Therefore, at the perpendicular literal that may cut character error in the document and handle for present embodiment institute desire of writing, have following condition:
(1) can be separated into two or more parts in succession up and down, and each in succession parts all form normal text.
(2) do not comprise after the separation that parts in succession can form the literal of the word sequence in succession of frequent appearance, for example: " two " ← → " one by one ".

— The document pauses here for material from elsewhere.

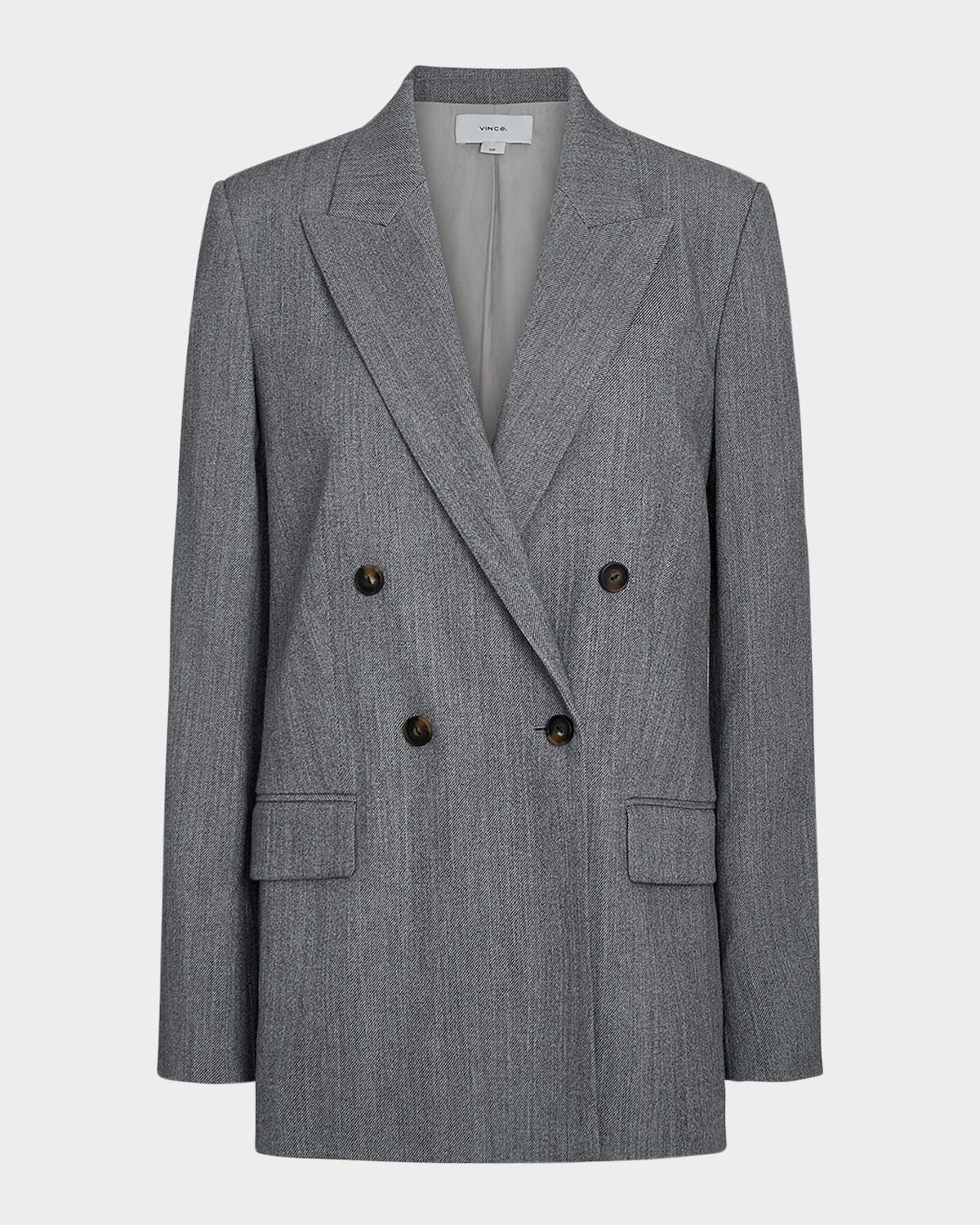 Vince solid wool twill blazer featuring a doublebreasted front Peak lapels Long sleeves with button cuffs Chest welt pocket Hip flap pockets Tailored fit Vented back Buttonfront Wool/viscose Lining: Polyester Dry clean or hand wash Imported

In like manner, the literal that may cut character error and handle for present embodiment institute desire in the document of writing across the page has following condition:
(1) can about be separated into two or more parts in succession, and each in succession parts all form normal text.
(2) do not comprise after the separation that parts in succession can form the literal of the word sequence in succession of frequent appearance, for example: " good " ← → " woman ".
In the present embodiment, be that the word that still belongs to BIG-513051 character library (the second word collection) after separating with the interior literal of BIG-55401 character library (the first word collection) is an example, wherein, can be separated into up and down two, three, four in succession the literal of parts respectively have 397,14 and 1, can about be separated into two, three in succession the literal of parts respectively have 1570 and 38.List respectively among Fig. 4 about part and separate and the example that separates up and down.In addition, above-mentioned first word collection and the visual actual state of the second word collection are adjusted voluntarily, and certain first word collection can be identical with the second word collection.
According to above-described corresponding relation, can set up vertical font structural table and horizontal font structural table respectively, write document and write across the page document identification corrigendum use for perpendicular.The font structural table can represent that both are slightly different in the data statement with tabular structure or reticulate texture.With " paste " is example, can about be separated into " Mi Guyue " or " rice recklessly ", the tabular structure expression of various combinations can being itemized this moment, reticulate texture then can be represented according to stratum's segmentation.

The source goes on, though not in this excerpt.